** PROVIDED DATA follows **

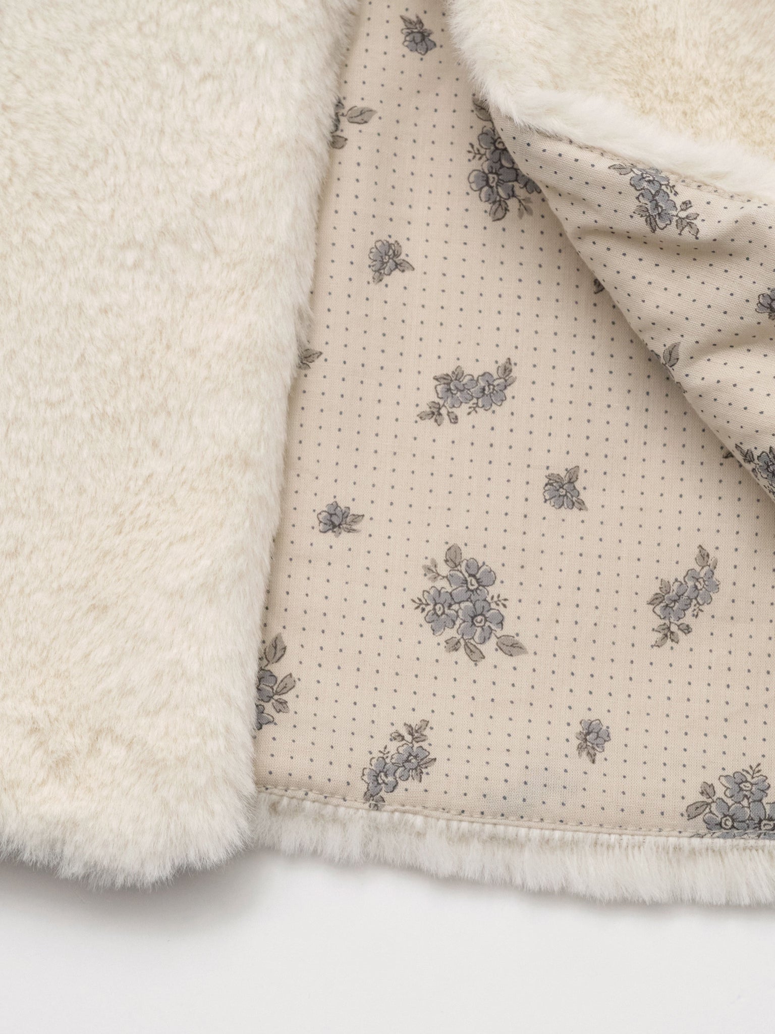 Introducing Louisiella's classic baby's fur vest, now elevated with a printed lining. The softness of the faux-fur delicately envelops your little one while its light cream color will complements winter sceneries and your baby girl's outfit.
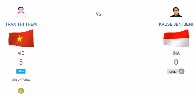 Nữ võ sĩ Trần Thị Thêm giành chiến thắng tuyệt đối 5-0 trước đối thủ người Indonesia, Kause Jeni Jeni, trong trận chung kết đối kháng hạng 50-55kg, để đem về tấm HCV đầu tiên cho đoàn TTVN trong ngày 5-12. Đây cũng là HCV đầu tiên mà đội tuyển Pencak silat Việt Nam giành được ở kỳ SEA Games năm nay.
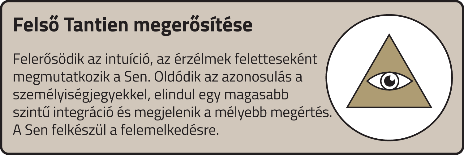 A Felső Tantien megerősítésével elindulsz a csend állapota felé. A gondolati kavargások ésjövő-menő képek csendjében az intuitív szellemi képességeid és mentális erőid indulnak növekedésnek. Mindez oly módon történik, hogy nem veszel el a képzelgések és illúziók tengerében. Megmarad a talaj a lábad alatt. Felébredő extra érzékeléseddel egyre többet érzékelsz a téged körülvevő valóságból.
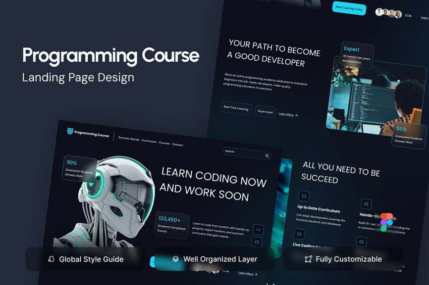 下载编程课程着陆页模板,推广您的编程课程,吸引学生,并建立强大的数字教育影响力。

** End of PROVIDED DATA **

| EXERCISE AIM |
Only those lines from the one containing "A Felső Tantien" to the end of the material above, retyped exactly and without pictures, belong in your reply.

| ANSWER BELOW |
 A Felső Tantien megerősítésével elindulsz a csend állapota felé. A gondolati kavargások ésjövő-menő képek csendjében az intuitív szellemi képességeid és mentális erőid indulnak növekedésnek. Mindez oly módon történik, hogy nem veszel el a képzelgések és illúziók tengerében. Megmarad a talaj a lábad alatt. Felébredő extra érzékeléseddel egyre többet érzékelsz a téged körülvevő valóságból.
 下载编程课程着陆页模板,推广您的编程课程,吸引学生,并建立强大的数字教育影响力。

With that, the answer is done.